Across the Universe
- First edition
- Author: Beth Revis
- Language: English
- Genre: Science fiction Young adult Murder mystery Dystopian romance
- Publisher: Razorbill
- Publication place: United States
- Media type: Print (Hardcover, Paperback), Audiobook

= Across the Universe (novel series) =

2011 novel by Beth Revis

Across the Universe is a trilogy of young adult science fiction romance novels written by American author Beth Revis. Chronicling the life of Amy Martin aboard a generation ship hundreds of years in the future, Across the Universe, the first novel published in 2011 by Razorbill, received a starred Kirkus review and made the New York Bestseller List for Children's Chapter Books.

==Plot summary==
Hundreds of years in the future, the spaceship Godspeed travels toward a distant, earth-like planet with 100 cryogenically frozen settlers on board. Seventeen year old Amy, frozen along with her parents, wakes early and only to find herself in the middle of a strange, regimented society made up of those born on the ship over generations. With the help of Elder, the ship's only teenager and future leader, she must solve a murder mystery, and save the ship. They must hurry before the murderer kills any more people, and before time runs out of life.

==Books in this universe==
- Across the Universe (2011)
- A Million Suns (2012)
- Shades of Earth (2013)
- The Body Electric (2014)

The first three books in the series make up the original trilogy, published by Penguin Books. The fourth book is a standalone novel set in the same universe, and was self-published by Revis.

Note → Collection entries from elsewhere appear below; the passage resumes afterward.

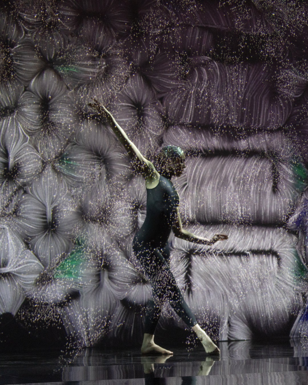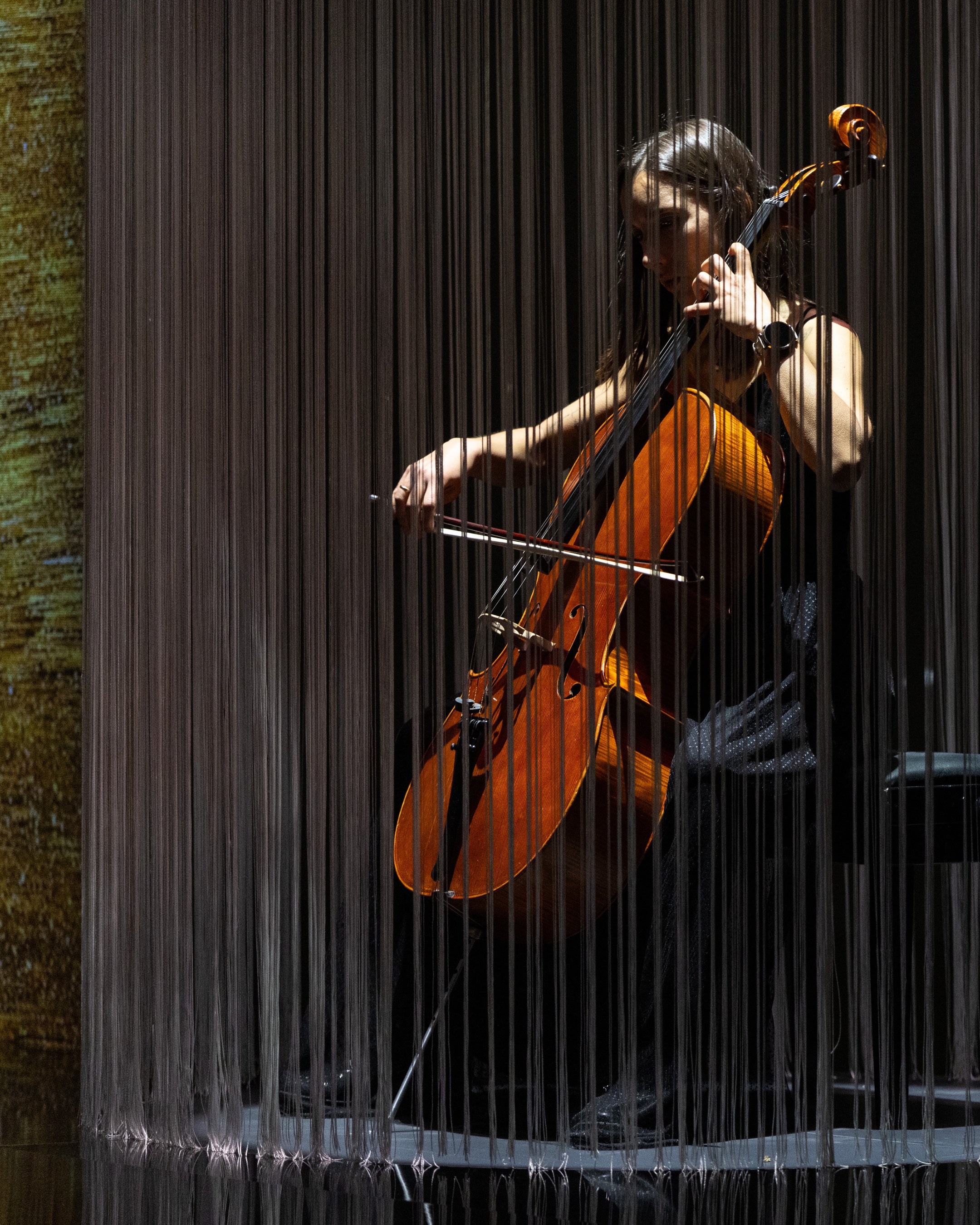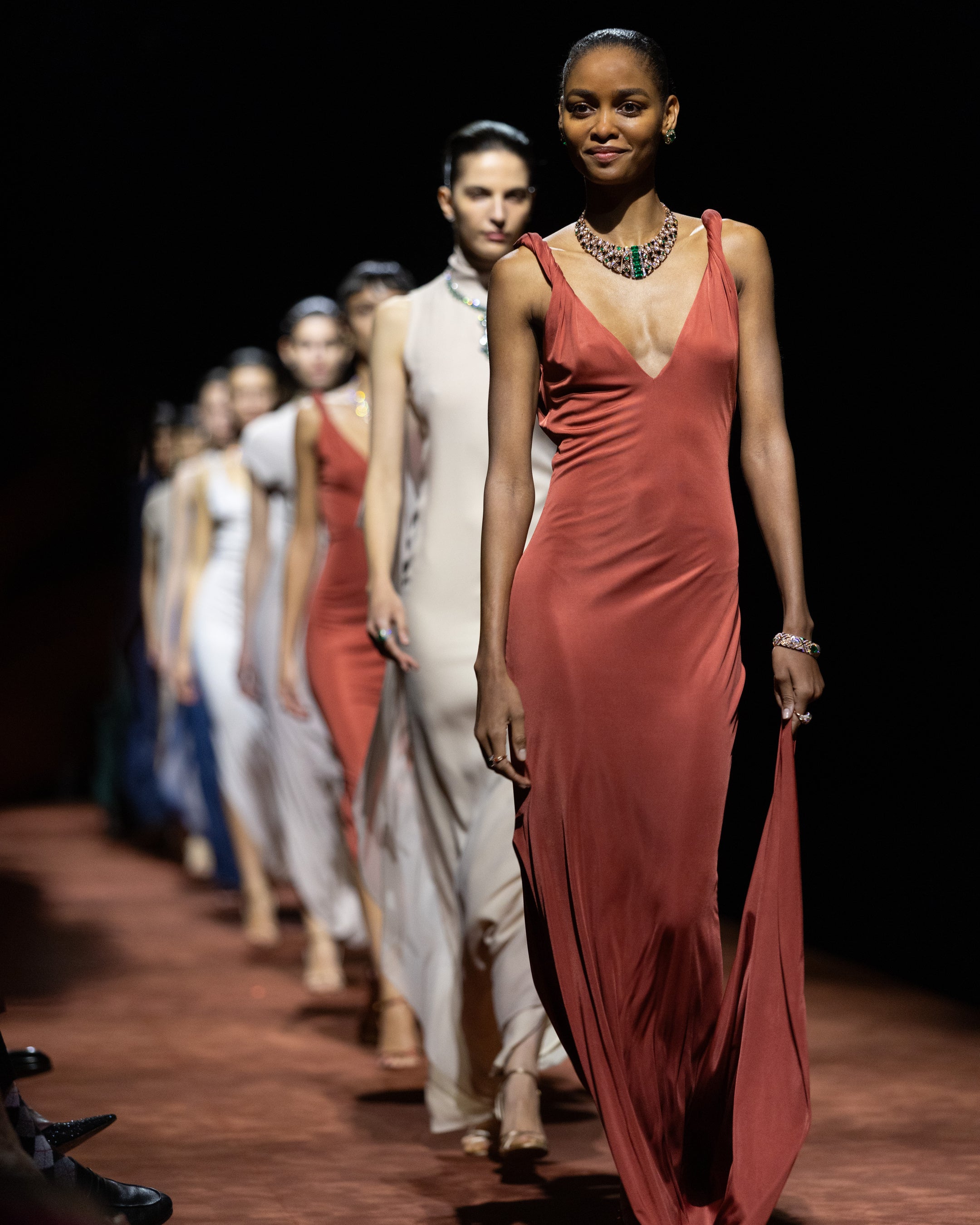 ガラ ディナーの後は、壮大なショーパフォーマンスで最高潮に達し、エクレティカの核となる3つの芸術言語を統合した体験を提供しました。空間には、記念碑的なローマ風の光の柱が彫刻的な存在として現れ、同時に建築構造物であり、光り輝くトーテムでもありました。これらの垂直なフォルムの中で、音楽家たちがクラシックな楽曲を演奏し、そのシルエットは影絵として投影され、古代ローマ彫刻の時代を超えた重厚さを喚起しました。そして、エクレティカの作品を身につけ、新進気鋭のイタリア人ファッションデザイナー、フランチェスコ・ムラーノによる特注ドレスを身につけたモデルたちが、この演出空間を彩りました。光り輝く光線が空間に正確な幾何学模様を描き出し、デジタルアートスタジオfused*とのコラボレーションで考案された没入型プロジェクションの多層システムは、二層に重なるような奥行きのある映像が投影され、空間の広がりや動きがより鮮やかに感じられました。ヴィラの壁には、ブルガリのジュエリーを拡大したアート作品が、アーティストの手で色彩豊かな風景へと再構築され、次々と映し出されました。まるで壁自体が生きているかのようなキャンバスと化したのです。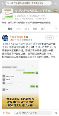 【今日回帖话题】 @嘉兴打工人你们公司允许迟到吗?迟到了有没有什么惩罚? 近日 有女子入职了58天就迟到21次被辞退后不满公司补偿申请了劳动仲裁这件事情引起了网友们的热议 许多人表示其实这个公司已经很包容了自己上班迟到不是被批评就是扣钱!每次早上一不小心多睡五分钟路上小电驴都要踩出火星子了! 百晓生表示深有同感公司规定每迟到一次翻倍扣钱!说起来都是一把辛酸泪… @嘉兴打工人 都来说说你们公司上班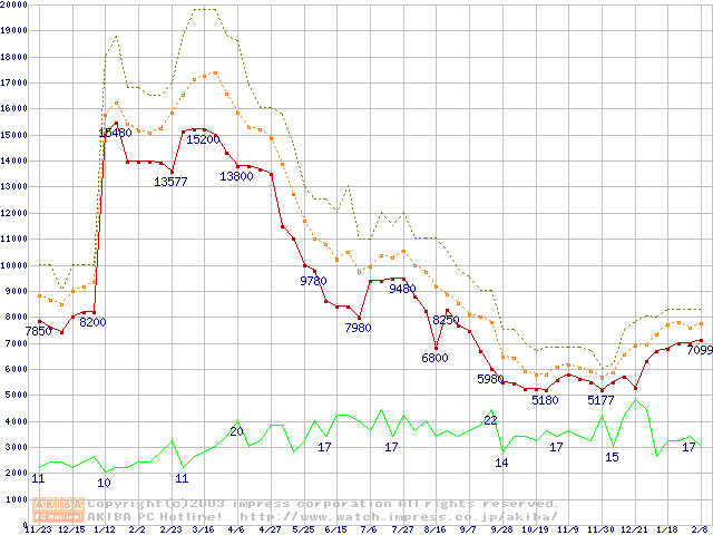 PC133 SDRAM DIMM CasLatency=2の最安値推移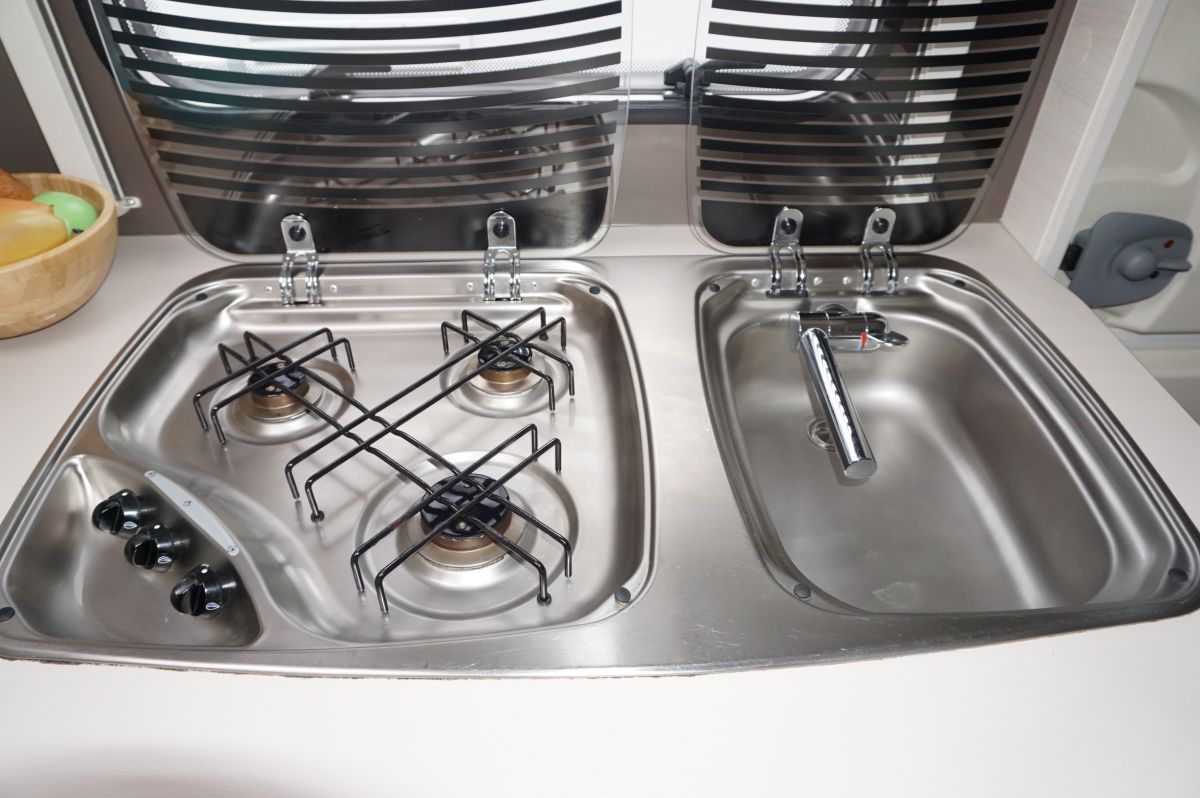 Voorzien van een 3-pits gasfornuis, een zeer ruime ladekoelkast en voldoende kastruimte voor al je kookbenodigdheden.

===Short Fiction in this universe===
- The Other Elder
- Love is a Choice
- Night Swimming
- As They Slip Away

Revis has also written short fiction that takes place in the universe of her trilogy, including As They Slip Away, a novella available as a free download from Penguin Teen, as well as short stories in the anthologies After (edited by Ellen Datlow and Terri Windling), which includes The other Elder; Shards and Ashes (edited by Melissa Marr and Kelley Armstrong), which includes Love is a choice; and Defy the Dark (edited by Sandra Mitchell).

==Reception==
Across the Universe debuted on the New York Times Bestseller List for Children's Chapter Books at #7 in January 2011, and received a Kirkus starred review. It was long-listed for the Carnegie Medal, and chosen as a YALSA Teens Top Ten book for 2012.

The sequel, A Million Suns, debuted on the bestseller list at #10. It was named a Best Teen Book of the Year by Kirkus Reviews.

When the final book in the series, Shades of Earth, received more pre-orders than the previous two books combined, Revis' publisher launched a copy of Across the Universe into space.